CAR-T cell therapy is rapidly becoming a feasible and highly effective approach to treat human cancers, especially liquid malignant tumors ( B-cell malignancies and lymphoma); however, like other technologies, CAR-T has significant challenges.
Adaptive CAR-T cell infusion is an important advancement in tumor therapy. More work is needed to enable CAR-T cells to stop tumor cell escape, control toxicity, adjust the suppressive tumor microenvironment, improve tumor target screening as well as increase T cell persistence.
CAR-T Current Challenges
Cellicure’s Solutions
nCAR-TTM Platforms
CAR-T cell persistence is a significant challenge for CAR-T therapy that ranges from the patients’ tumor cells to the CAR-T cells used for therapy.
After adaptive CAR-T cells are injected into the patient, for a variety of reasons, the number of T cells declines rapidly. This “low CAR-T cell persistence” significantly limits CAR-T therapeutic efficacy.

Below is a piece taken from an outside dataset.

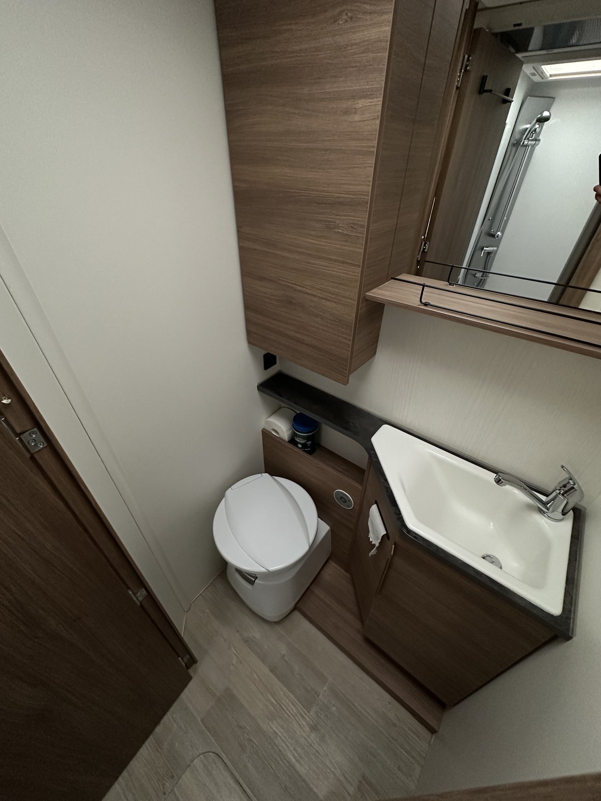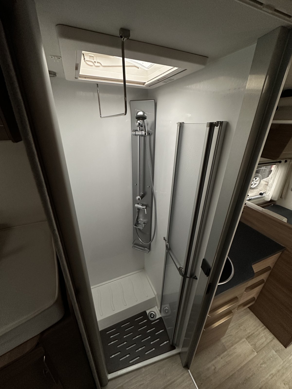 Další výbava: manuální převodovka, 6 rychlostních stupňů, 2x airbag, airbag řidiče, ABS, stabilizace podvozku (ESP), posilovač řízení, man. klimatizace, nezávislé topení, tempomat, LED denní svícení, plní 'EURO VI', palubní počítač, nastavitelný volant, el. přední okna, panoramatická střecha, el. zrcátka, imobilizér, centrál dálkový, centrální zamykání, potahy kůže, kožené čalounění, výškově nastavitelná sedadla, výškově nastavitelné sedadlo řidiče, polohovací sedadla, mlhovky, zadní mlhovka, couvací světlo, start-stop systém, otáčkoměr, USB, autorádio, venkovní teploměr, vyhřívaná zrcátka, autochladnička, střešní šíbr man., střešní okno, dřevěné obložení, sprcha, dvojitá okna, WC, přední otočná sedadla, boiler, záruka

The challenge is finding ways to prolong T cell persistence in vivo thus optimizing CAR-T cell therapy.
Cellicure’s Solutions
Cellicure’s innovative technology, nCAR-TTM is based on groundbreaking discoveries made by Dr. Minggang Zhang and team at MSKCC.
Using a high-throughput miRNA library screen, RNAseq, ATACseq analysis, and a series of in vitro and in vivo tumor model experiments, a critical signaling cascade was shown to facilitate T cell persistence in vivo, leading to a significantly higher CAR-T cell therapeutic efficacy.
Cellicure’s focus for nCAR-T is the treatment of B-cell malignancies and solid tumors.
nCAR-TTM Platforms
Genomic miRNA “Trogocytosis” screening and RNAseq and ATACseq analysis have demonstrated that the miR200c-Zeb1-EpCAM axis is associated with prolonged in vivo T cell presistence. miR200c suppresses the expression of Zeb1, a zinc finger and homeodomain transcription factor that binds, caps, and suppresses the EpCAM gene causing a decrease in EpCAM transcription.
Suppression of Zeb1 results in an increase in EpCAM transcription leading to the EpCAM intercellular domain recruitment of FHL2 and β-catenin. The recruitment then forms a complex that translocates to the nucleus with Lef1 and TCF1 triggering target gene expression. This process mediates cell survival leading to long-term cellular proliferation in vivo as well as improved T cell immunotherapy in liquid and solid tumors.